### WHAT IS NEEDED
Pictures in the data below are not part of the copy; transcribe everything else exactly.

### DATA
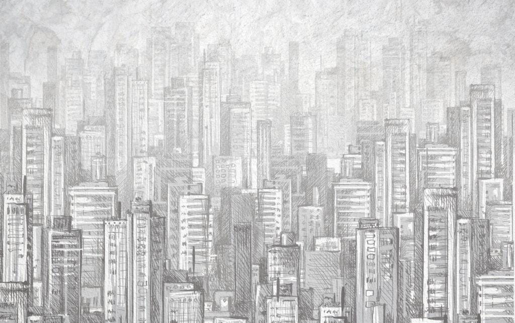 3D Pencil Drawing Wallpaper with High Building View, Black and White Peel and Stick Wallpaper, Stylish Room Design, Abstract Wallpaper
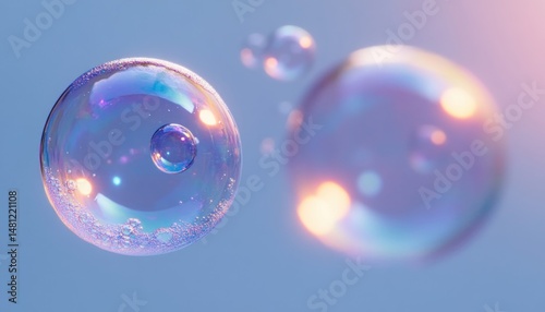 Close-up view of transparent soap bubbles floating in soft light with reflections and colorful highlights creating a dreamy and delicate atmosphere
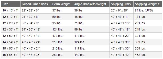 Husky® Aluminum Angle Berms are easy to use with minimal set up time. The benefit to our angle berms is by having separate aluminum angle pieces the berm liner itself is lighter to handle. This means less manpower to handle the same size berm in a one piece construction. The angle brackets come in their own storage bag as well as the berm liner making transport much easier for a smaller crew. Two people can set up a 12` x 50` berm in less than 10 minutes. End wall tear down for ingress is one person less than one minute.
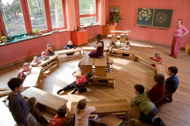 Группы в вальдорфской школе разновозрастные, дети находятся в комфортной обстановке, похожей на семейную.

### ANSWER TO THIS PROBLEM
 3D Pencil Drawing Wallpaper with High Building View, Black and White Peel and Stick Wallpaper, Stylish Room Design, Abstract Wallpaper
 Close-up view of transparent soap bubbles floating in soft light with reflections and colorful highlights creating a dreamy and delicate atmosphere
 Husky® Aluminum Angle Berms are easy to use with minimal set up time. The benefit to our angle berms is by having separate aluminum angle pieces the berm liner itself is lighter to handle. This means less manpower to handle the same size berm in a one piece construction. The angle brackets come in their own storage bag as well as the berm liner making transport much easier for a smaller crew. Two people can set up a 12` x 50` berm in less than 10 minutes. End wall tear down for ingress is one person less than one minute.
 Группы в вальдорфской школе разновозрастные, дети находятся в комфортной обстановке, похожей на семейную.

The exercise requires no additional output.